Arriving at the island the swell was high at the village of Kirkja. The boat couldn’t dock and so deliveries were thrown towards the harbour where postman Joannes was waiting.
Joannes is the postman of the village of Kirkja, the village with the lowest population I’d visited. He wore a blue cotton shirt and jeans. It was cold outside and raining but the older Faroese men never wear outdoor clothing, at best a sweater and wellies or leather clogs. In the family home Svanhild, Joannes’s daughter, sat at the dinning table. Her forearms were covered with white emulsion paint. The dog had a strip of paint along it’s side. She’d been helping her dad on the farm, painting the buildings that house the sheep during winter. ‘We paint it because the sheep like it painted new’ she laughed. Later she returned at 10pm, she’d been painting until then. Like her father joining the table late she washed the paint from her hands in the sink and then sat at the dinning table and calmly buttered a thick slice of black bread.
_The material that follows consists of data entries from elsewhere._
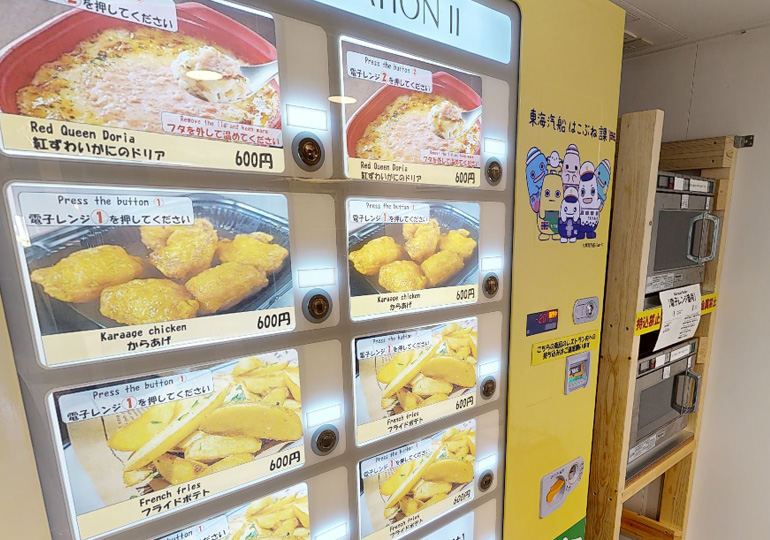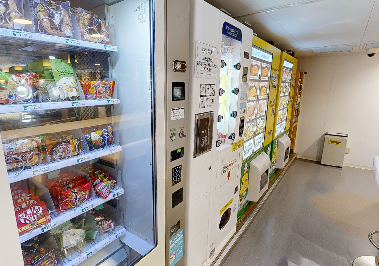 自動販売機では、パン、軽食、柿の種、キットカット、インスタントコーヒーなどが売っています。
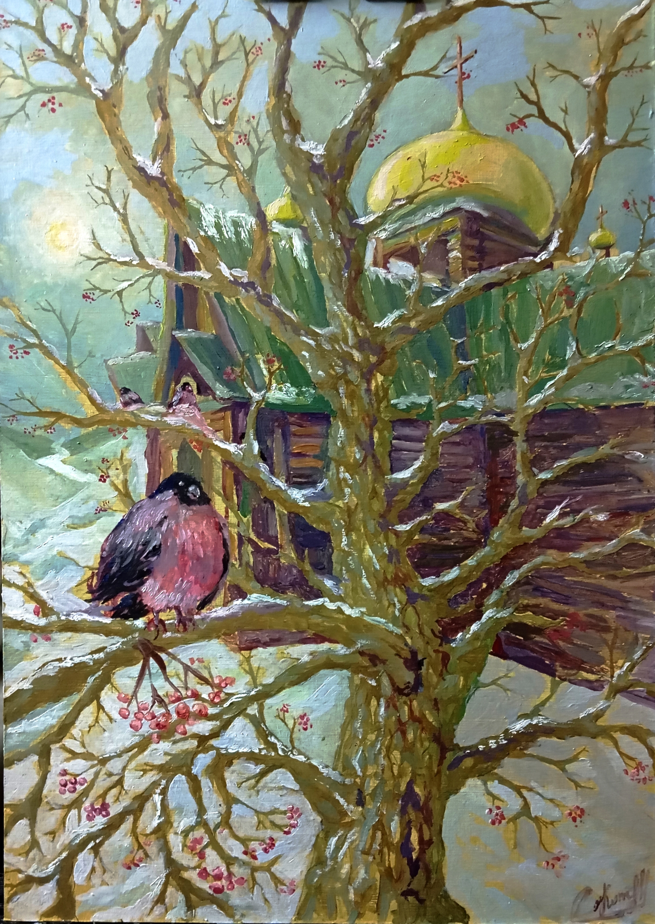 Всем привет, поздравляю всех с новым годом и Рождеством! На тему Рождества выполнил такую вот работу, с удовольствием сидел накидывал мазками)
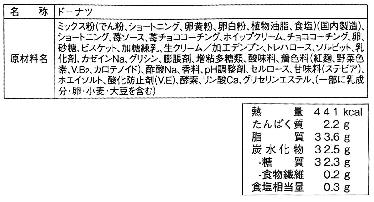 気になるカロリーは1個あたり、441Kcal、糖質は32.3gです。
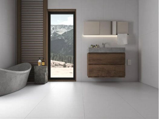 以簡單純粹的姿態(tài),洗去繁忙工作和喧囂日常帶來的疲憊感。750x1500mm西江月通鋪浴室,細(xì)沙干粒半拋帶來的天然質(zhì)感搭配原木色浴室柜,干凈配色與極簡設(shè)計,為空間打造與眾不同的寧靜時光。

‘We have four calf’s and still keep sheep. The village is shrinking. The last of the children has left, the school is empty. There are just four of us’. People come and go. She is determined to make a go of it, working on the farm and helping with the helicopter duties. She loves horses and sometime later I noticed in the kitchen a drawing she’d done in biro of seven horses in a field, her father had pinned it to the fridge door.
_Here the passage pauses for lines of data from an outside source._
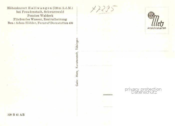 42746716 Hallwangen Dornstetten Freudenstadt BW Pension Waldeck postalisch nicht gelaufen Erhaltung siehe scans [KathaD81] Kath Katcode 11110008237019
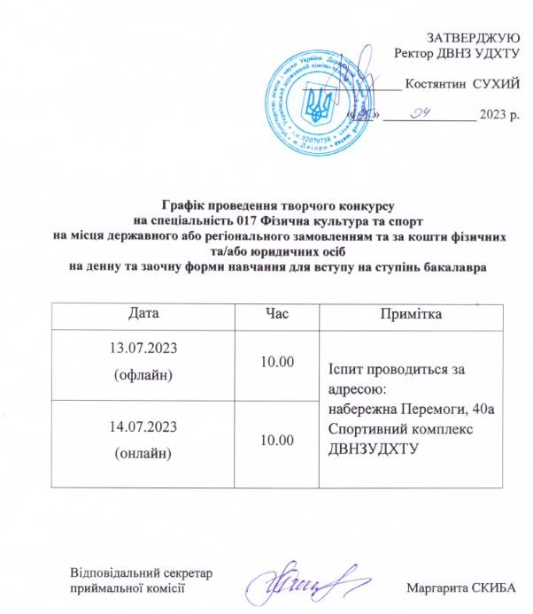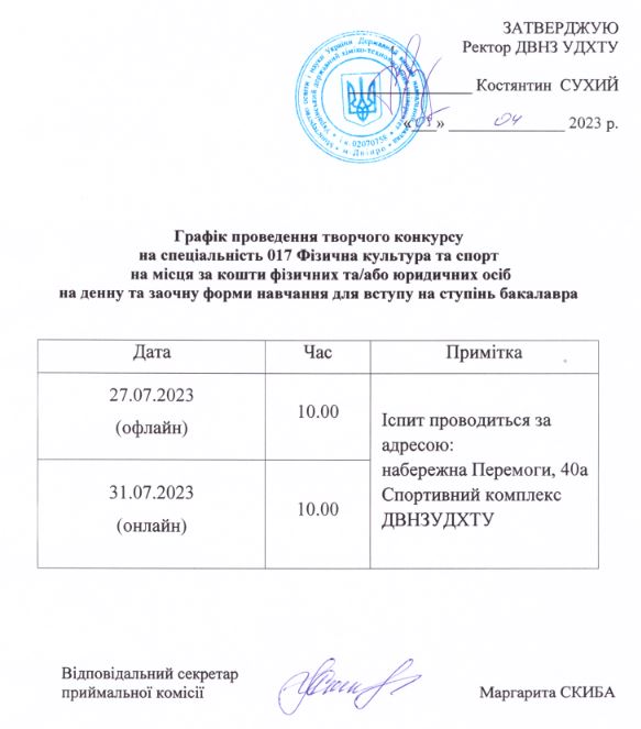 Графік складання творчого конкурсу (017 Фізична культура і спорт)
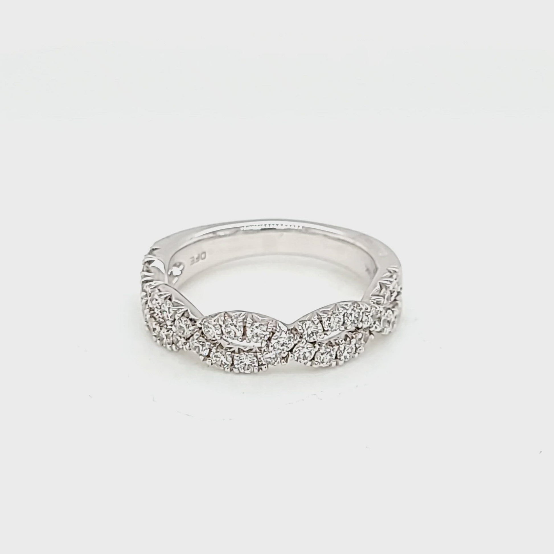 A Symphony of Light and Symbolism This Diamond Infinity Ring exemplifies Park City Jewelers' dedication to creating jewelry that is both aesthetically pleasing and rich in symbolism. The intertwining ribbons with demi-pavé diamonds offer a display of brilliance and elegance, while the infinity symbol embodies the concept of everlasting love. The 14K white gold setting provides a luminous and luxurious backdrop, enhancing the sparkle of the diamonds.
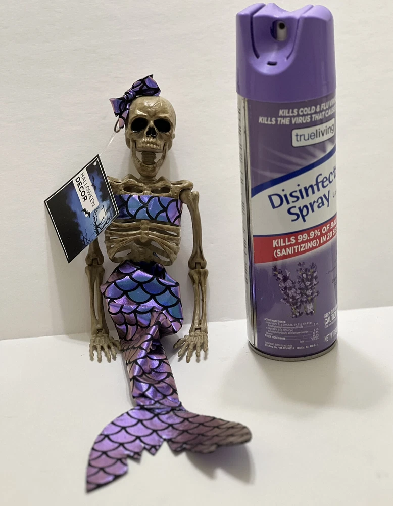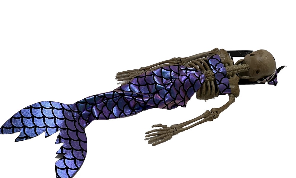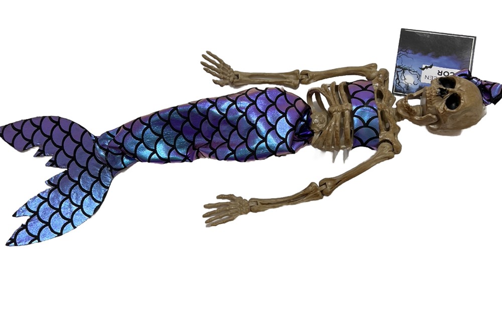 16” Mermaid Skeleton Dressed Hanging Decor Halloween Prop Flexible Articulated Joints and lower jaw can be positioned to open or closed. Hang in Any room with the hanger that is attached New with tag attached. Has not been displayed in the past. Picture with can is for size comparison only and the can is not included.
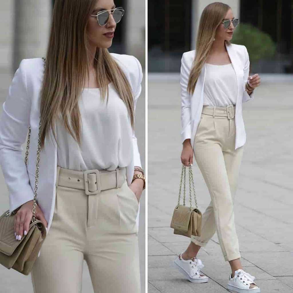 Образы в виде брючных костюмов типа оверсайз и обуви спортивного плана становятся полюбившейся классикой. Чтобы собрать лук в стиле спортивный шик, сочетайте джинсы с высокой посадкой, жакет, кроссовки и клатч на цепочке. Интересно смотрится платье-трапеция со светлыми мокасинами и сумочкой на ремешке. Аутфит получается легким и очень женственным.
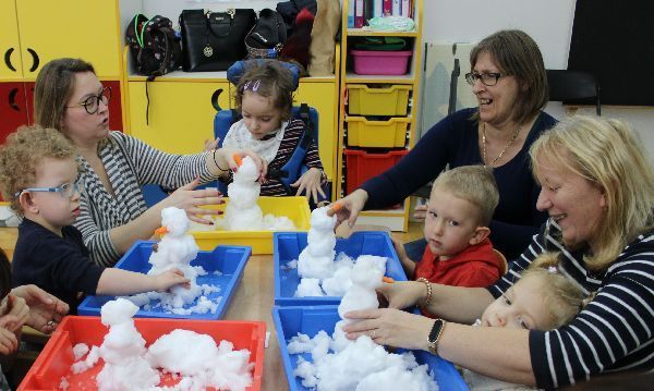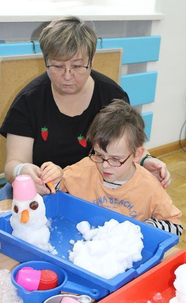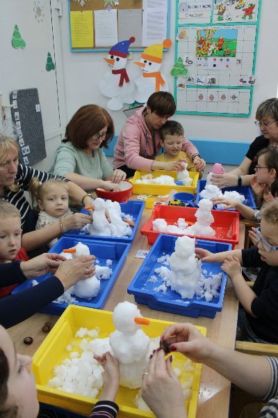 18.01.2024r. obchodziliśmy w przedszkolu "Dzień Bałwana". Wszyscy wesoło bawili się śniegiem.
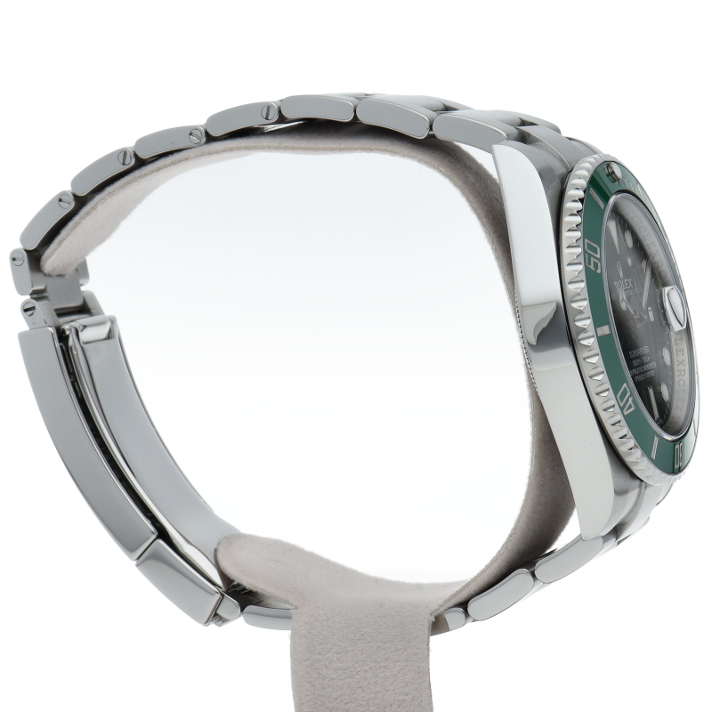 水深300mでも信頼性と精度が保証されているサブマリーナー。116610LVは文字盤とベゼルにロレックスのコーポレートカラーであるグリーンを用いることで特別なモデルとなっています。
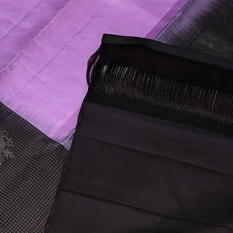 Tissue pure silk saree black and Ash with motives

The Faroe Islands is experiencing the global developed world process of urbanisation and the struggle will be to find a logistical arrangement to support the redistribution of people across it’s island geography. The islands have a sophisticated communication network of tunnels, helicopter routes and boat journeys all of which are second nature to the Faroese. For the Faroese stepping into a boat is as natural as opening a door to familiar house in the village.